As with all of the final parts to these questions, I am trying to give first class students the scope to be more creative and analytical in the way that they answer questions about "real-world" systems. As before, therefore, there are a variety of solutions. The main focus here is on the use of redundancy to increase the level of assurance over the reliability of hardware. The opening sentence in the previous quotation was chosen because it creates a clear link back to solutions in the previous part about TMR. Here the redundant set cross-checks results in the same manner that a comparator can be used to check the output of TMR architectures. This not only applies to the computations performed by each element. Checks are also performed on the input received by each GPC through its interface adapter. In either case, if a difference is detected between one of the units and its peers in a redundant set then the single unit will be excluded as quickly as possible to prevent faults from propagating into subsequent computations.

The limitations of redundant approaches have been covered in class N/2-1 tolerances can be accepted. Any more and it will fail. This is significant if similar design/development flaws exist in more than one unit. Synchronisation problems can arise so that individual GPC?s are delayed before comparison or may even find themselves out of step etc.

1. With reference to IEC61508 or DO-178B, argue for or against the statement that standards are both a necessary and a sufficient prerequisite for the development of safety-critical computer systems.

[20 marks]

There are many different answers to this. The intention of an essay question is to allow first class students to construct their own discussion and to allow other students to reproduce some of the material that I have already provided.

Key ideas behind the question include the distinction between necessary and sufficient. Standards are necessary to ensure that companies and individuals follow minimum approved practices. They are not sufficient unless supported by other practices that support a wider safety culture. This is particularly important when line management may have to preserve budgets in the face of changes to a project?s expenditure profile.

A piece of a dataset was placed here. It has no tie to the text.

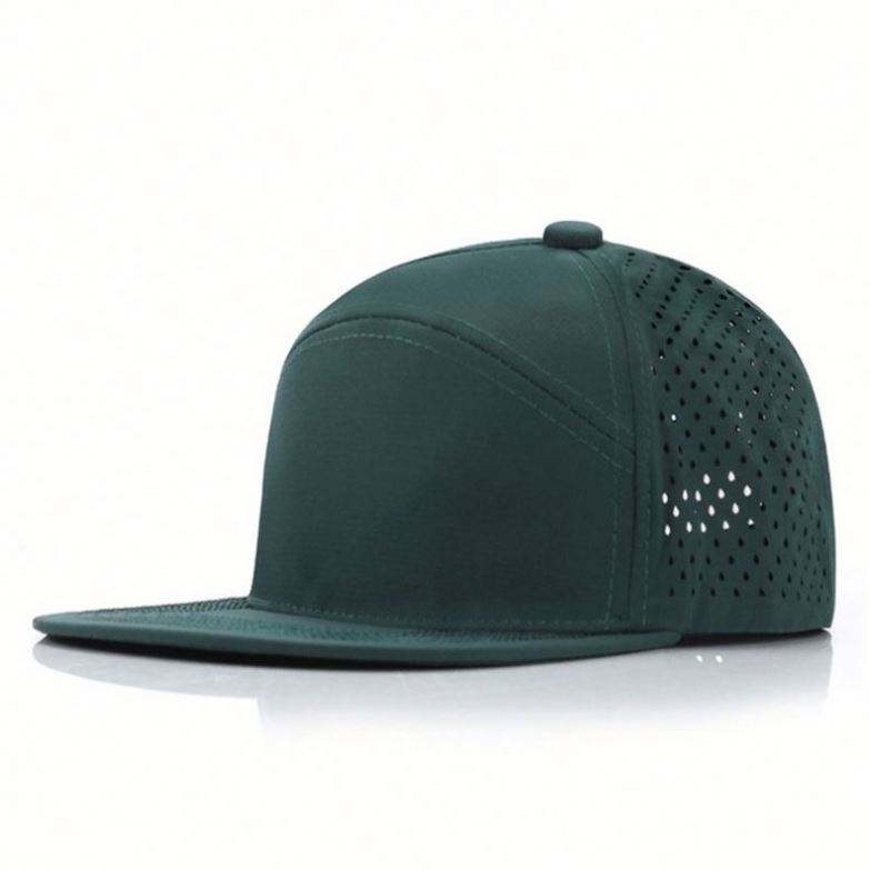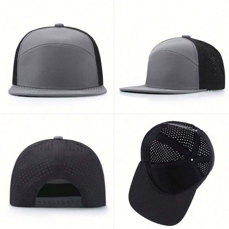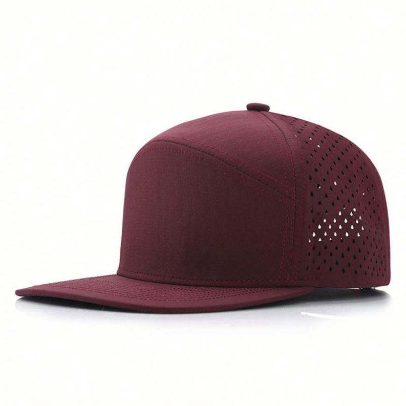 หมวกแก๊ปแบบ snapback 7 แผง ปักโลโก้ PVC คุณภาพสูง ผลิตตามสั่ง (OEM) สำหรับขายส่ง กันน้ำ มีรูเจาะแบบเลเซอร์

For example, 61508 recognise that it is possible to apply recommended methods but still end up with an unsafe system if they are not applied in a rigorous manner.

In the course, we have focussed on some of the aims behind standardisation and certification but also the importance of ethics. It is possible to conform to a standard and yet also produce an unsafe system. For instance, if associated documentation does not reflect development practices or the final product. All of the professional codes (ACM, IEEE) include sections on individual responsibility in these situations.

Changes in operating environments or to the standards themselves may also mean that a system, which satisfied a set of requirements at one point in time, may fail to conform to those standards in the future. Some students may argue that many safety-critical systems have been successfully built without conforming to particular standards. If they choose to follow this line then they need to provide examples and to explain the long term problems that can arise as projects grow in scale and complexity.

[end]